Я заерзала, всем своим видом призывая избавить меня от нее, но женщина лишь успокаивала:
— Не пугайся, это интубационная трубка, через несколько часов ее извлекут, и ты сможешь самостоятельно дышать. И говорить, — по-доброму улыбнулась, коснувшись руки. — А пока отдыхай, — потянулась со шприцем капельнице и вела препарат.
Но я не хотела спать, мне надо было узнать, жив ли мой ребенок. Попыталась, насколько это было возможно, запротестовать, но все было бесполезно. Лекарство начало действовать, и скоро голова безвольно упала на подушку.
***..
Я снова проснулась и на этот раз не собиралась позволять «вырубать» меня, пичкая лекарствами.
Мужчина в халате, судя по важному виду и тому, как держалась рядом с ним медсестра, был врачом.
— Проснулись? — поинтересовался, когда увидел, что я в сознании. — Хорошо, сейчас мы извлечем трубку.

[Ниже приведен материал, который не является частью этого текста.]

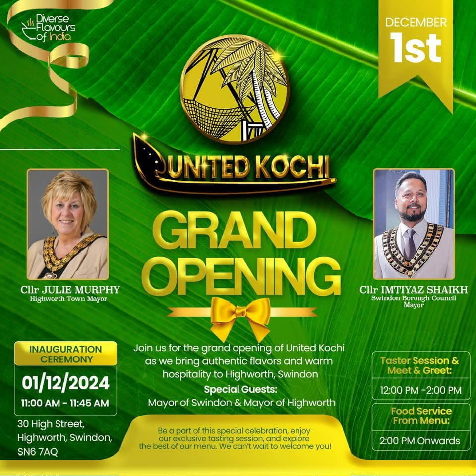 Highworth’s high street is getting ready for a new addition, United Kochi, an authentic South Indian restaurant promising diverse flavours of South India, particularly from the South Western coastal city of Kochi which has been a port since 1341 after a flood opened up its harbour to the Arab, Chinese and European merchants.

Меня чуть не стошнило, казалось, что из меня вытягивают внутренности. Я была готова стерпеть, что угодно лишь бы получить ответ на свой вопрос.
Когда я смогла самостоятельно вздохнуть, попыталась заговорить, но не издала и звука — сипела, хрипела, но не разговаривала.
— Не переживайте, это норма, — пояснил доктор, когда я безмолвно смотрела на него с широко открытыми глазами. — Через час другой голос вернется.
— Посетителей к ней можно пускать? — поинтересовалась медсестра у мужчины, словно меня здесь не было, — а то там уже целый полк оккупантов. Жених ее там днюет и ночует, жалко парня.
— Ладно, — согласился тот, — но только жениха, — предупредил. — Лишние переживания ей не к чему.
Так и хотелось прокричать: «Не уходите! Скажите, что с моим ребенком!»
Хотелось плакать от беспомощности, когда они вышли, и я осталась одна.
Скрип потрепанной временем двери, заставил меня встрепенуться и повернуть голову в сторону вошедшего.
Костя выглядел так, будто это он пациент ОРИТ, а не я: уставший, растрепанный и разбитый.
Он так и стоял у входа, не решаясь подойти, будто думал, что навредит мне своим присутствием. Я не могла говорить, поэтому потянула к нему руку, но на деле мне едва удалось шевельнуть кистью. Костя заметил это практически неуловимое движение, и бросился ко мне, словно я тону, а он единственный, кто способен вытянуть меня из воды.
— Рита…Рита… Рита… — все повторял, едва касаясь губами моих пальцев, а я ничего не чувствовала. Тело было как онемевшее. Наверное, это от обезболивающих.
— ….хорошо…будет… — просипела я. Невероятно обрадовалась, что могу говорить. Я взяла себя в руки и задала вопрос, ответ на который мне просто жизненно необходим: — Ребенок… — усилием воли буквально закинула непослушную руку на живот, — …жив?
Костя замер, не решаясь поднять на меня глаза. Молчание пугало, оно не могло значить ничего хорошего. Наконец его взгляд встретился с моим, и внутри все замерло. У него были покрасневшие глаза и чуть припухшие веки — Костя недавно плакал. Только нечто серьезное может заставить мужчину позволить себе такую слабость.
— Костя? — дрогнувшим голосом, с надеждой.
Не знала, почему он молчит, тянет и не говорит. Неужели мои самые ужасные опасения подтвердились? Не может быть…
К глазам подступали слезы.
Костя качнул головой, словно выныривая из омута собственных мыслей и переживаний.